Business CAN be simplified; it can be boiled down to a single crucial focus that drives sustaining levels of remarkable performance.

Leaders should be building organizations to EXECUTE brilliantly; building execution as a core competency and applying it to ANY strategy they create. And if they do, they WILL outperform their peers and outpace their competitors.

Pay attention to these four execution fundamentals .

  • Loosen up on planning . THE most critical element of performance is how well the strategy is carried out. Yes, a “good” plan with a sensible direction is required but if execution falters the plan is worthless. An average plan brilliantly executed produces far better performance than what people might consider to be a “brilliant” strategy that can’t be satisfactorily executed.

    So invest 80% of the time available on EXECUTION planning; 20% on STRATEGIC planning.
  • Lead by serving those in the trenches . Serving leadership cultures unleash individual executional effort and lead to unexpected and amazing results contrary to its “command and control” cousin.

    “What can I do to help you?” is the question servant leaders pose to reduce grunge and eliminate internal barriers that prevent things from getting done.
  • Recruit people “lovers” . Transactions continue to happen when an employee invests honest emotional energy in taking care of a customer. Execution prowess demands that millions of mind blowing “moments of truth” occur seamlessly between an organization and its customers.

    This happens ONLY when employees have the natural inbred desire to serve their fellow man.

    And remember you can’t TRAIN people to love people; you can train ‘em to grin but that’s about it.
  • Stop selling; start serving . Flogging products and services tries to advance the organization’s agenda, not the customer’s.

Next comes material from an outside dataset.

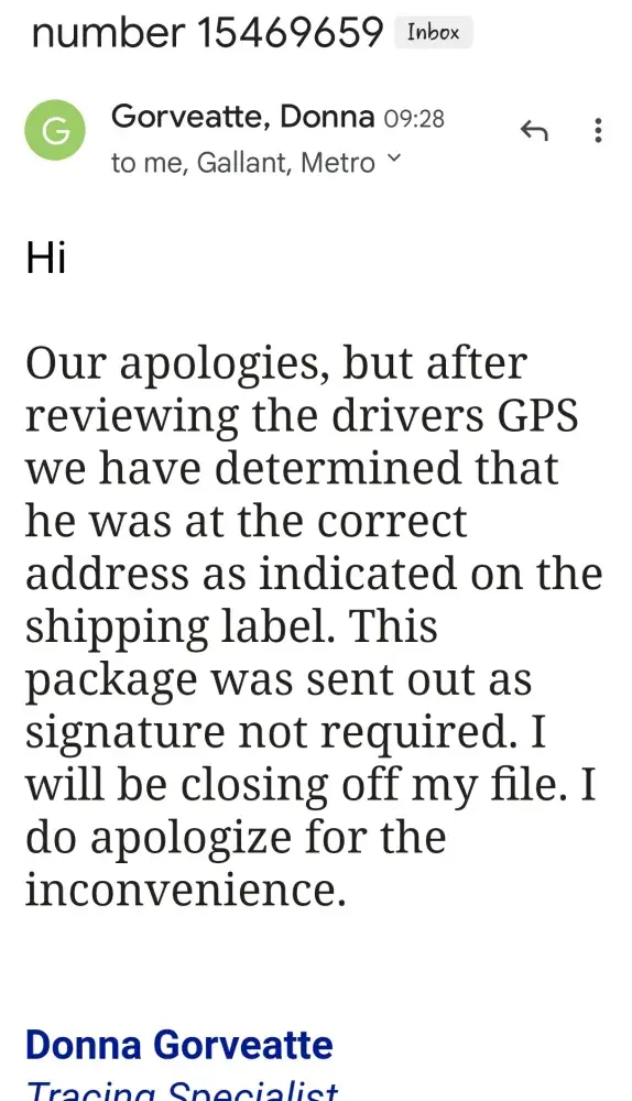 Then he insisted that is must have been delivered to a different purolator, other than the one on the bill. I asked if he would check with them, he said, that is not my job., you will have to find out for yourself.
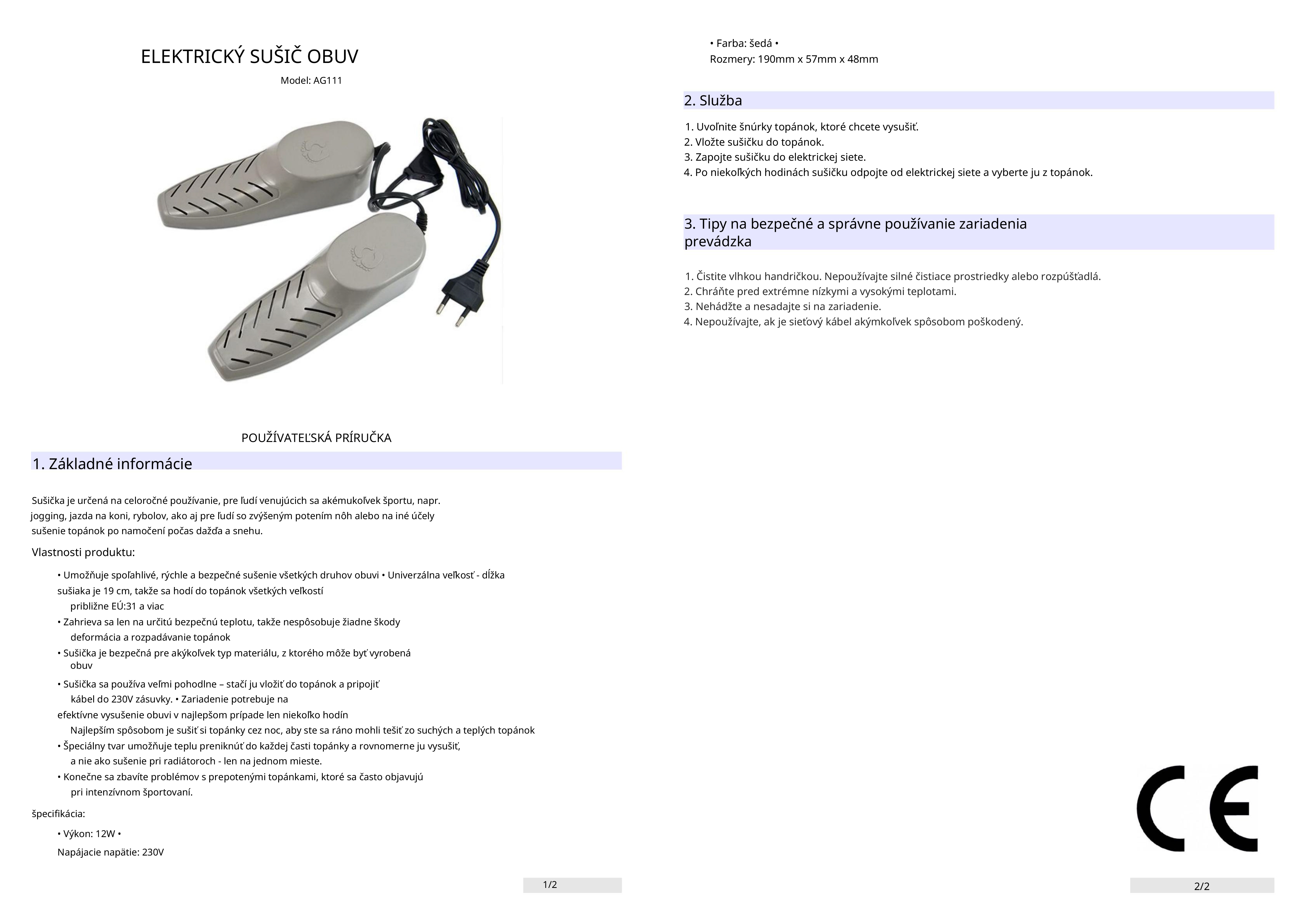 Sušič sa používa veľmi pohodlne - stačí ho vložiť do topánok a zapojiť do elektrickej zásuvky 230V.

This one-sided dynamic may result in a single short term transaction but does nothing to create an annuity stream of revenue over the long haul.

    Execution genius looks out to the horizon, so organizations need to be “mindless” about building and deepening rich customer relationships by serving THEM; marching to THEIR agenda; subordinating the interests of the BUSINESS to THEIR interests.

    Keep it simple.
  • Build an execution machine first, THEN use the self interest constituents to fine tune it with the relevant micro stuff these experts love to pitch.